Describe the bug https://github.com/NixOS/nixpkgs/issues/59364 is relevant but has no conclusion.

Kubernetes builds ok now using https://github.com/NixOS/nixpkgs/pull/123741 but the the install does not succeed.

I've tried this on multiple machines and they all report the same thing.

I've tried reinstalling multiple times, and removing relevant dirs but the issue persists.

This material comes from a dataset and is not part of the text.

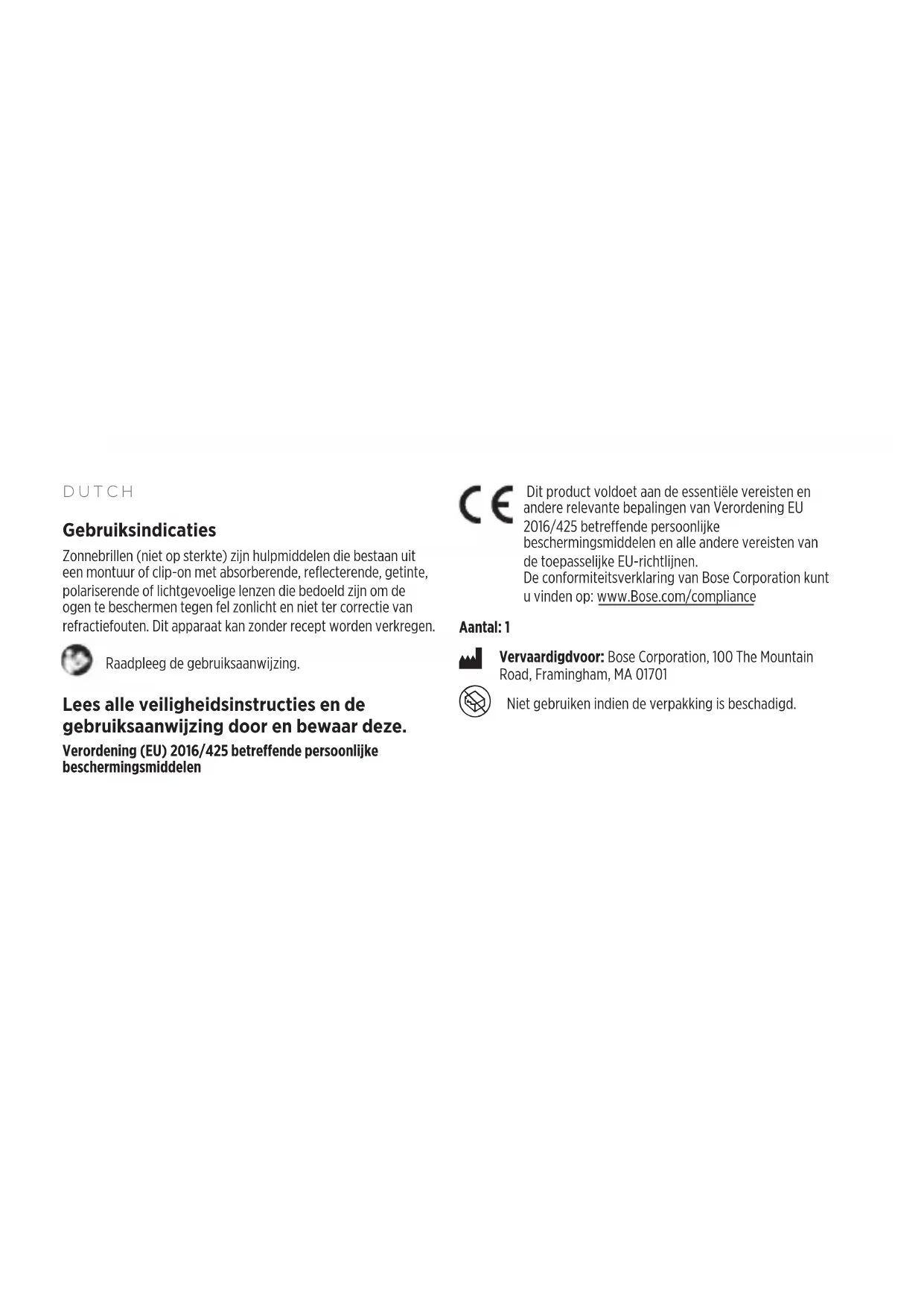 Videos Warnung/ VorsichtsmaßnahmenDUTCH Gebruiksindicaties Zonnebrillen (niet op sterkte) zijn hulpmiddelen die bestaan uit een montuur of clip-on met absorberende, reflecterende, getinte, polariserende of lichtgevoelige lenzen die bedoeld zijn om de ogen te beschermen tegen fel zonlicht en niet ter correctie van refractiefouten. Dit apparaat kan zonder recept worden verkregen. Raadpleeg de gebruiksaanwijzing. Lees alle veiligheidsinstructies en de gebruiksaanwijzing door en bewaar deze. Verordening (EU) 2016/425 betreffende persoonlijke beschermingsmiddelen Dit product voldoet aan de essentiële vereisten en andere relevante bepalingen van Verordening EU 2016/425 betreffende persoonlijke beschermingsmiddelen en alle andere vereisten van de toepasselijke EU-richtlijnen. Deconformiteitsverklaring van Bose Corporation kunt u vinden op: www.Bose.com/compliance Aantal: 1

rm -rf /var/lib/cfssl /var/lib/kubernetes

To Reproduce

Add the following lines to a NixOS host's configuration.nix

{
  services.kubernetes = {
    roles = [ "master" "node" ];
    masterAddress = "api.kube";
    apiserverAddress = "https://api.kube:6443";
    easyCerts = true;
    apiserver = {
      securePort = 6443;
      advertiseAddress = "10.0.0.5";
    };
  };
}

Expected behavior A successful Kubernetes install.

Actual behavior

[ERROR] Deployment to c28593b8bf failed. Last 10 lines of logs:
[ERROR] May 22 16:06:18 c28593b8bf etcd[2188329]: Git SHA: GitNotFound
[ERROR] May 22 16:06:18 c28593b8bf etcd[2188329]: Go Version: go1.16.4
[ERROR] May 22 16:06:18 c28593b8bf etcd[2188329]: Go OS/Arch: linux/amd64
[ERROR] May 22 16:06:18 c28593b8bf etcd[2188329]: setting maximum number of CPUs to 32, total number of available CPUs is 32
[ERROR] May 22 16:06:18 c28593b8bf etcd[2188329]: peerTLS: cert = /var/lib/kubernetes/secrets/etcd.pem, key = /var/lib/kubernetes/secrets/etcd-key.pem, ca = , trusted-ca = /var/lib/kubernetes/secrets/ca.pem, client-cert-auth = false, crl-file =
[ERROR] May 22 16:06:18 c28593b8bf etcd[2188329]: open /var/lib/kubernetes/secrets/etcd.pem: no such file or directory
[ERROR] May 22 16:06:18 c28593b8bf systemd[1]: etcd.service: Main process exited, code=exited, status=1/FAILURE
[ERROR] May 22 16:06:18 c28593b8bf systemd[1]: etcd.service: Failed with result 'exit-code'.
[ERROR] May 22 16:06:18 c28593b8bf systemd[1]: Failed to start etcd key-value store.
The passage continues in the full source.